As an on-premise consultant, I did not use to appreciate the depth of Microsoft cloud at all. As a Power Platform consultant, I started to realize some of the extra capabilities offered by the Power Platform, such as:
- Canvas Applications
- Power Automate Flows
- Different licensing options (can be good and bad)
- Integration with Azure AD
Yet I was suffering quite often since, you know, there is “no way I can access the database”.
And, then, I tried the Dataflows recently. Which took me on a little different exploration path and made me realize that, as much as I’m enjoying swimming in the familiar lake, it seems there is so much more water out there. There is probably more than I can hope to cover, but I certainly would not mind going on a cruise and see some of it. So, this post is just that – a little cruise into the cloud ETL/ELT capabilities:
And, by the way, normally, you don’t really do deep diving on a cruise. You are out there to relax and see places. Here is the map – there will be a few stops, and, of course, you are welcome to join (it’s free!):
Stop #1: On-Premise ETL tools for Dynamics/Power Platform
If you have not worked with Dynamics on-premise, and I am assuming it’s about time for the pure-breed cloud consultants to start showing up, on-premise ETL tools might be a little unfamiliar. However, those are, actually, well-chartered waters. On-premise ETL tools have been around for a long time, and, right off the top of my head, I can mention at least a few which I touched in the past:
- Scribe(now Tibco – thank you Shidin Haridas for mentioning they were acquired)
They all used to work with Dynamics CRM/Dynamics 365 just fine. Some of them turned into SAAS tools (Scribe online, for example), and some of them took a different route by merging into the new cloud tools (SSIS). Either way, in order to use those tools we had to deploy them on premise, we had to maintain them, we had to provide required infrastructure, etc. Although, on the positive side, the licensing was never about “pay per use” – those tools were, usually, licensed per the number of connections and/or agents.
We are still just near the shore, though.
Stop #2: PowerPlatform ETL capabilities
This is where we are going a little beyond the familiar waters – we can still use those on-premise ETL tools, but things are changing. Continuing the analogy, the cruise ship is now somewhere at sea.
Even if you’ve been working with the Power Platform for a while now, you might not be aware of the ETL capabilities embedded into the Power Platform. As of now, there are, actually, at least 3 options which are right there:
And, of course, we can often still use on-premise tools. After all, we are not that far from the shore. Though we are far enough for a bunch of things to have changed. For example, this is where an additional Power Platform licensing component kicks in since Power Apps licenses come with a certain number of allowed API calls.

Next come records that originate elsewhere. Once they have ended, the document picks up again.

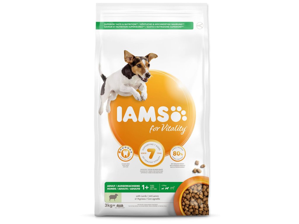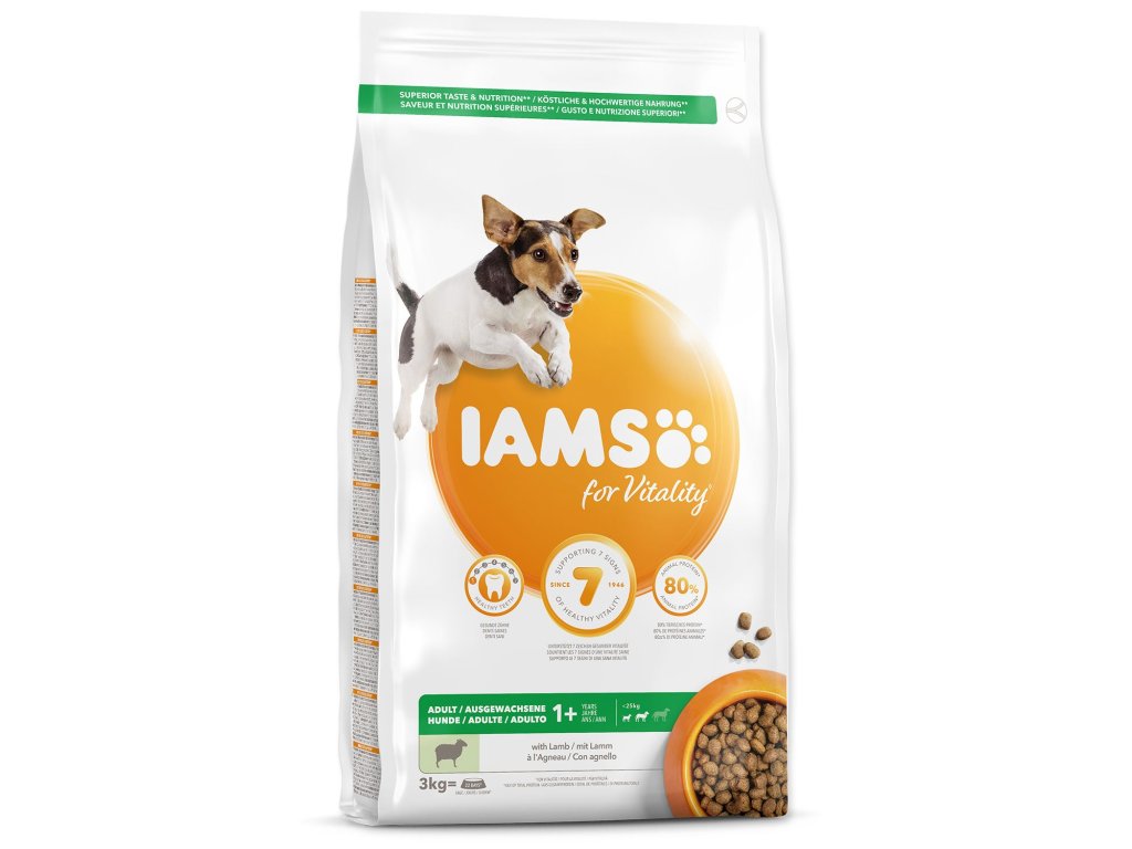 Krmivo IAMS for Vitality pre dospelých psov malých a stredných plemien je 100% kompletné a vyvážené odborníkmi zostavené krmivo, ktoré bude vášmu zvieraťu chutiť a svedčiť. Naša nová a vylepšená receptúra pre dospelých psov s jahňacím mäsom je založená na kvalitných živočíšnych bielkovinách, ktoré boli starostlivo vybrané, aby podporovali sedem znakov zdravej vitality psa. Aby bol váš pes zdravý, aktívny a plný energie, obsahujú naše lahodné receptúry až 80% živočíšnych bielkovín (z celkového obsahu bielkovín).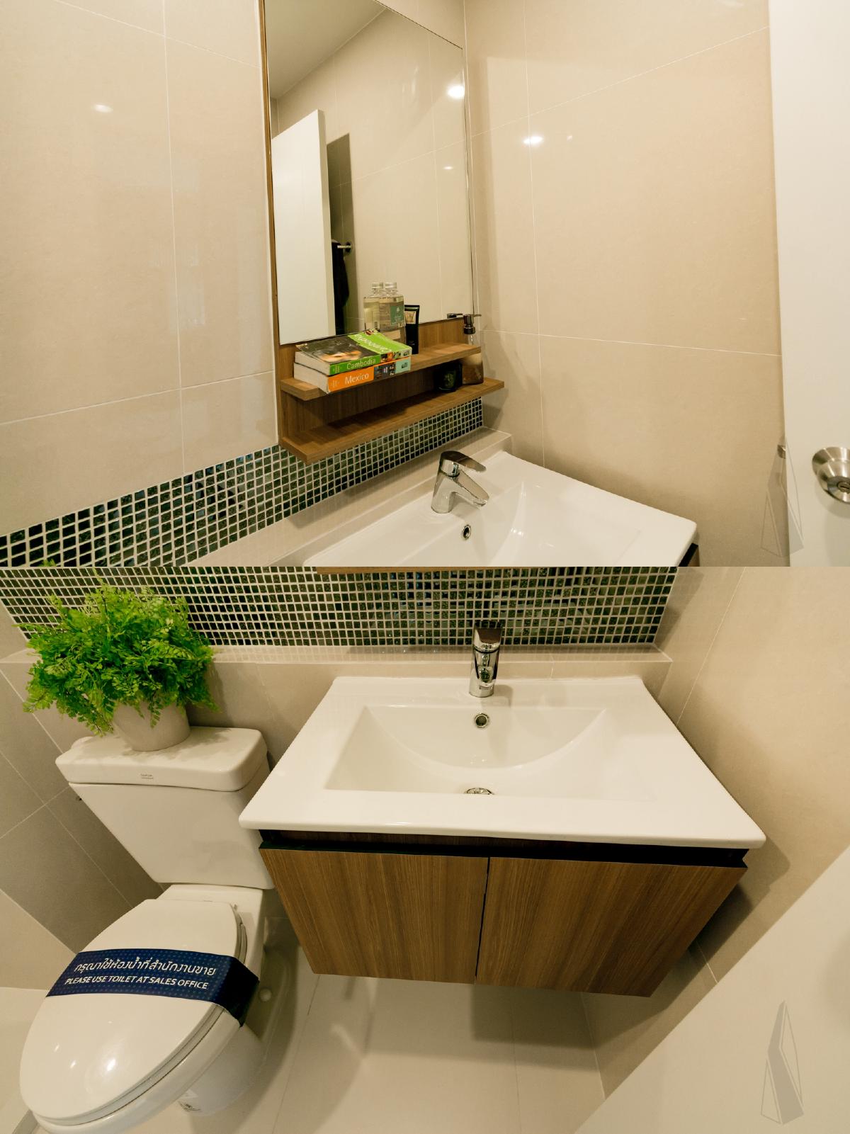 อ่างล้างหน้าอยู่ชิดผนัง ติดตั้งมาแบบแขวนพร้อมกระจกเงา ด้านข้างเป็นโถสุขภัณฑ์ ผลิตภัณฑ์ทั้งหมดจะเป็นของ American Standard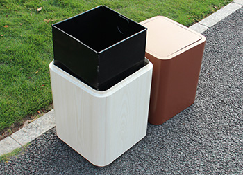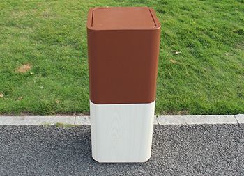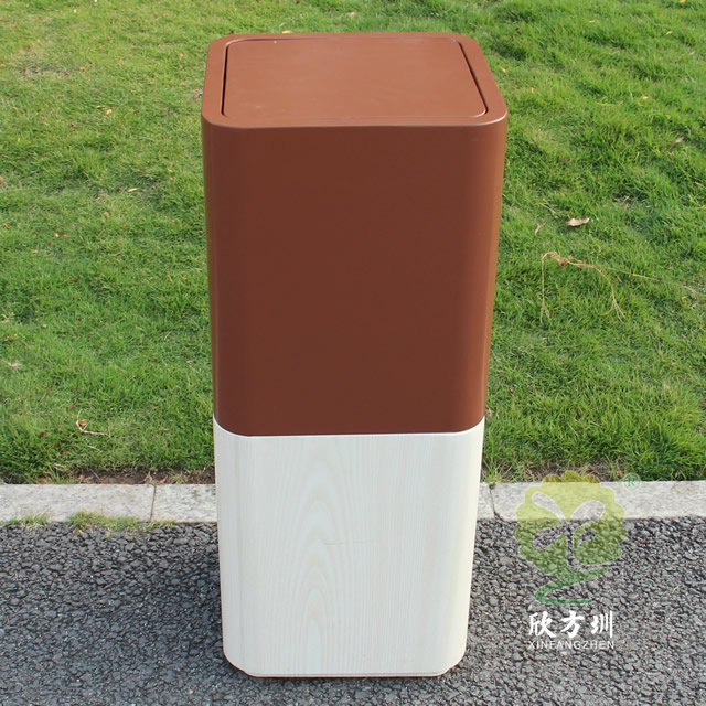 室内电镀仿木纹不锈钢果皮箱采用优质的201不锈钢板制作而成,采用方形电镀仿木纹摇盖式设计,外桶电镀双色桶身底下半部是白色转木纹效果,上半部分是仿古铜色也可以电镀香槟金色,黑色电镀方形不锈钢内胆,桶身是组合式的把外桶的上半部分拿出来就可以方便的取出内筒,内筒旁边有两个把手啊可以方便提出里面的垃圾进行清理!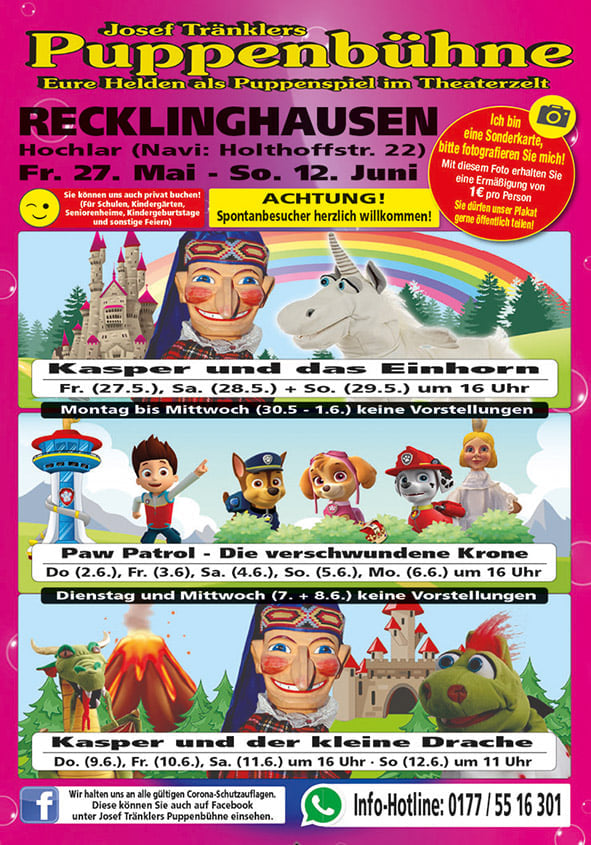 Josef Tränklers Puppenbühne präsentiert mit viel Liebe zum Detail traumhaftes Märchentheater und geht mit Kasper und seinen Freunden weiter auf Tournee. So können die kleinen und großen Besucher:innen mit ihnen gemeinsam wieder spannende Abente...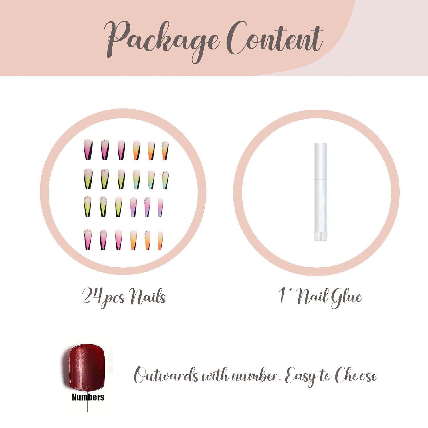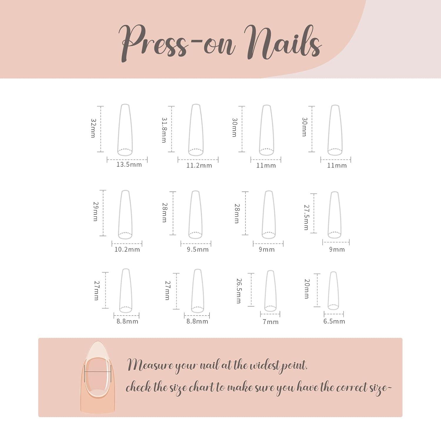 【Package Contains】You will get 24 pieces of long press on nails with 12 different sizes, 1 nail glue for DIY your own nails. you can choose the most suitable false nail for yourself, it is easy to trim and file them to in any length and shape you like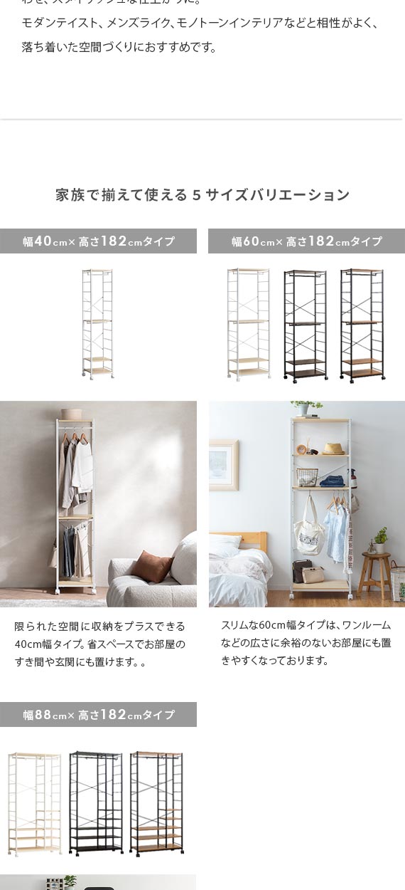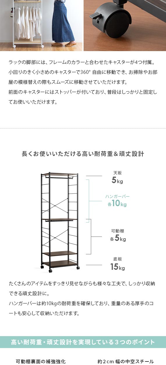 使う方の身長に合わせた高さ調整もできるので、お子様用の衣類収納としてもおすすめです。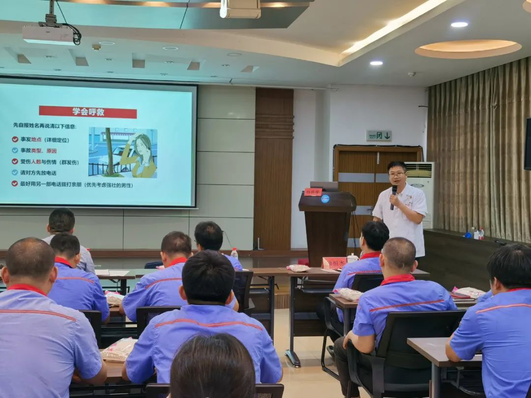❂【煤山公司】为预防高温中暑,保障安全生产有序进行,7月15日,煤山公司开展夏季急救知识专题培训,特邀浙江省医疗健康集团长兴医院副主任医师冉庆学为员工讲解应急救护、心肺复苏、防暑降温及急救措施等知识。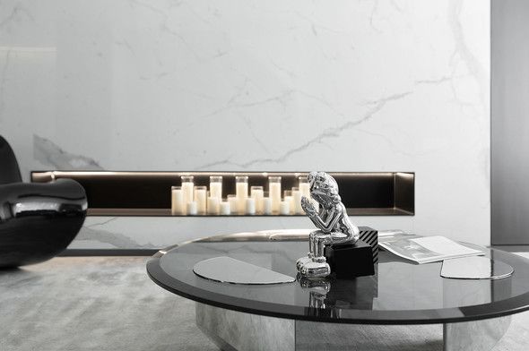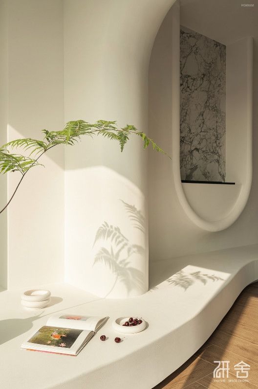 圖/研舍設(shè)計(jì) 比如以下這套90后姑娘的房子,設(shè)計(jì)師將奢華進(jìn)行了精致的提取,同時(shí)保證了她的生活的極致舒適。 客廳舍棄了屋主不常用的電視,留下來(lái)是一大片自然的紋理,漂亮的理石紋路連貫并富有張力,下方的壁龕擺放的微光蠟燭,成為溫馨的一筆。
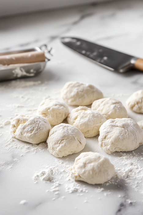 Knead GentlyTurn the dough onto a lightly floured surface. Knead it for 2–3 minutes, just until smooth and elastic. Overworking will make it tough — this dough likes kindness.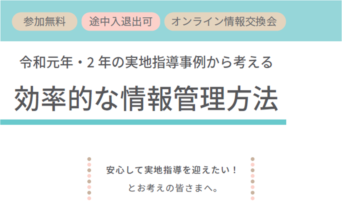 当日は、弊社からも複数回の実地指導を経験したスタッフが参加をし、下記テーマ等について皆様とお話をさせていただく予定です。

Still, why would I call out those 3 options above? Technically, they are offering everything you need to create a ETL pipeline:
- A schedule/a trigger/manual start
- A selection of data sources
- A selection of data destinations
Well, data lake export is special in that sense, since it’s hardwired for the CDS to Azure Data Lake export, but, when in the cloud, that’s an important route, it seems.
How do they compare to each other, though? And, also, how do they compare to the on-premise ETL tools (let’s consider SSIS for example):
The interesting part about Data Lake Export is that it does not seem to have any obvious advantages over any of the other tools EXCEPT that setting up CDS to Data Lake export looks extremely simple when done through “data lake export”.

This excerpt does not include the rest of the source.